The leaderless genomic RNA identified during BCoV persistent infection is not likely to be an artifact or a cleaved product because (1) the head-to-tail RT-PCR product of the leaderless genome was observed only at 67 and 97 dpi but not at other time points and (2) RT-PCR product with a length smaller than 200 bp was not observed when extracted RNA was not treated with tobacco acid pyrophosphatase as shown in Fig. 1E. In addition, head-to-tail ligation is performed at the viral RNA and not at the cDNA level. Therefore, even if a premature cDNA is produced the PCR product is not likely to be detected since the primers used anneal to both sides (5′ UTR and 3′UTR) of the poly(A) tail junction (Fig. 1A). Although the reason why the coronavirus leaderless positive-strand genomic RNA is not observed during acute infection is unknown, we speculate that since there is highly active translation taking place and the factors involved in template switching are in active that the overall process leads to the predominant synthesis of leader-containing RNA. The overwhelming abundance of leader-containing genomic RNA may subsequently lead to undetectable leaderless genomic RNA due to the feature of PCR competition . In contrast, replication may be limited during coronavirus persistence , and the leaderless RNA can gradually be detected (Fig. 1B) because of the reduced number of leader-containing RNA molecules synthesized.

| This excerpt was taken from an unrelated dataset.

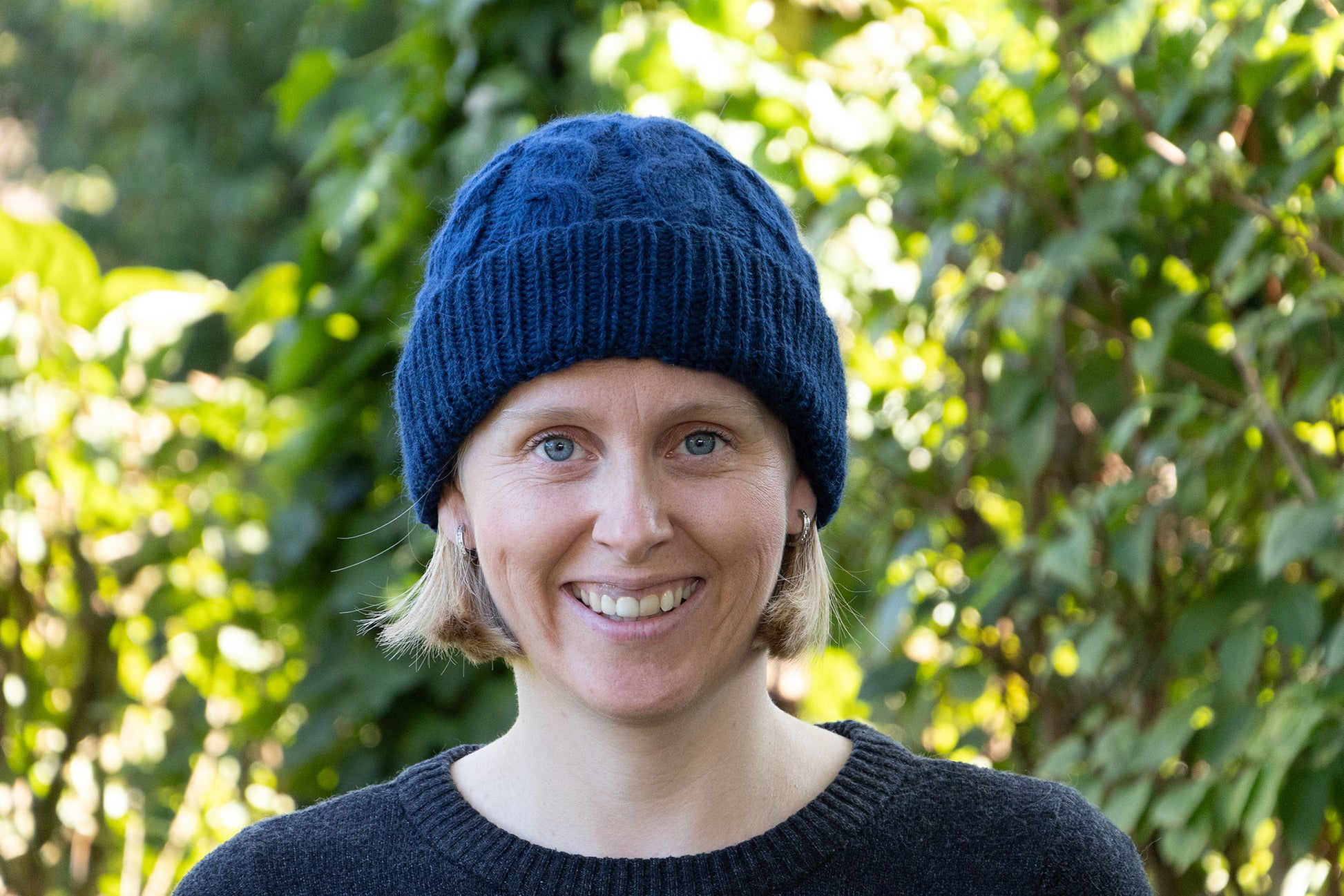 Mit Liebe gestrickte marineblaue Mütze aus Schurwolle und Alpaka.

The discovery of a leaderless genome during coronavirus persistent infection in HRT-18 cells has led us to attempt a systematic analysis of leaderless genome behavior. It has been shown that substitution of the α-globin mRNA 5′ UTR with the MHV leader sequence enhances the translation of α-globin mRNA . Consistent with this result, in the present study deletion of the leader sequence in BCoV DI RNA decreased the genome translation efficiency. In contrast to the results indicating that the MHV DI RNA leader sequence is nonessential for negative-strand synthesis, the BCoV DI RNA leader sequence was required for the efficient synthesis of its negative-strand counterpart in the present study. Additionally, different from the results in which the deletion of the sequence between nt 25 and 59 within the MHV DI RNA leader sequence almost blocked sgmRNA synthesis , the results of the present study suggest that the leaderless BCoV DI RNA was still able to synthesize sgmRNAs although the efficiency of sgmRNA synthesis from the BCoV leaderless DI RNA was ∼2- to ∼3- fold less than that from the leader-containing BCoV DI RNA during the 48 h of infection (Fig. 4D). Note that the decreased transcription efficiency from BCoV leaderless DI RNA at earlier times may attribute to the lack of leader sequence but not the number of DI RNA since the amount of the templates between input leader-containing and leaderless DI RNA was almost the same at 4 and 8 hpt as shown in Fig. 4B. However, in addition to the deletion of leader sequence, the less templates of leaderless DI RNA used for transcription could also be a factor to impair the efficiency of sgmRNA synthesis at later times of infection despite that the quantitated efficiency of transcription was normalized with the internal controls (Fig. 4B). The reasons for the various observations remain unclear; however, we speculate that the experimental approaches may be largely responsible for the different outcomes. Regardless, the leader sequence on genomic RNA is undoubtedly a crucial cis-acting element required for translation, replication (including negative-strand synthesis), and transcription during infection using BCoV DI RNA as a test system.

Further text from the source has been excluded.